SUPPLIED MATERIAL:
[Start of Attachment]
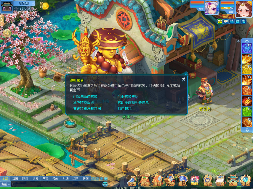 门派与角色转换功能在65级时解锁,负责这个功能的NPC是位于桃花坞的迦叶尊者。当然转职这件事也不是任何情况下都能转,还是有些限制的,比如你每30天只能转一次,而且门派首席无法转职。
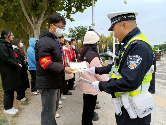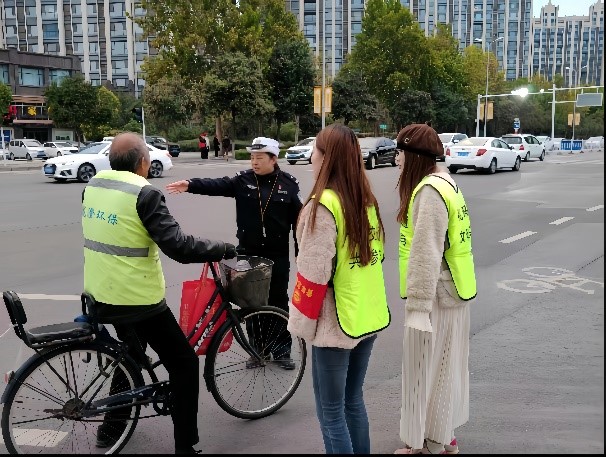 活动伊始,由值班交警以及宣传委员为同志们讲解交通“五个意识”等基础相关知识及注意事项,并强调:交通管理的目的,是为了引导广大市民自觉树立起交通安全意识,大家在工作中要以引导为主,在和谐的氛围中,与市民共同营造安全交通环境。接着,同志们身穿红色志愿马甲,井然有序地到达指定的交叉路口,积极投入到服务活动中。
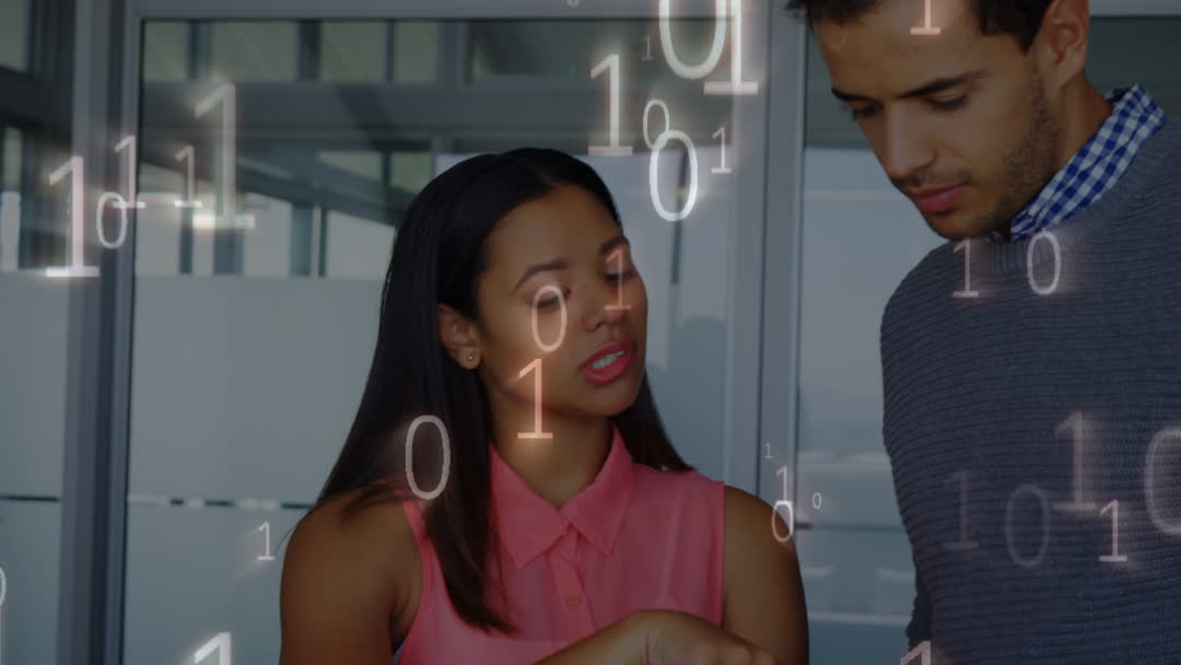 Diverse female and male coworkers discussing in a modern office, with binary code overlay. Useful for content related to team collaboration, digital innovation, technological advancement, and communication in business environments.
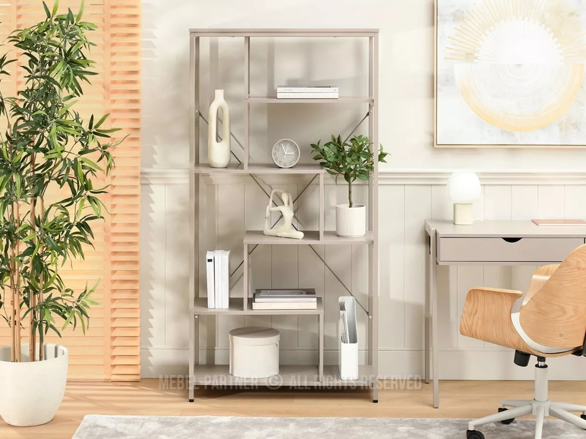 Policový regál GRIGORE svým nepravidelným uspořádáním poliček bude dokonale ladit ve všech moderních interiérech. Nastavitelné nožičky umožňují přizpůsobit jeho výšku různým potřebám a požadavkům. Pevná a stabilní konstrukce regálu zaručuje dlouhodobé používání.
[End of Attachment]
TASK GOAL:
Please write out the material from the line containing "活动伊始,由值班交警以及宣传" to its final line, both inclusive, exactly as it appears; pictures are not part of the copy.

ANSWER TO THIS TASK:
 活动伊始,由值班交警以及宣传委员为同志们讲解交通“五个意识”等基础相关知识及注意事项,并强调:交通管理的目的,是为了引导广大市民自觉树立起交通安全意识,大家在工作中要以引导为主,在和谐的氛围中,与市民共同营造安全交通环境。接着,同志们身穿红色志愿马甲,井然有序地到达指定的交叉路口,积极投入到服务活动中。
 Diverse female and male coworkers discussing in a modern office, with binary code overlay. Useful for content related to team collaboration, digital innovation, technological advancement, and communication in business environments.
 Policový regál GRIGORE svým nepravidelným uspořádáním poliček bude dokonale ladit ve všech moderních interiérech. Nastavitelné nožičky umožňují přizpůsobit jeho výšku různým potřebám a požadavkům. Pevná a stabilní konstrukce regálu zaručuje dlouhodobé používání.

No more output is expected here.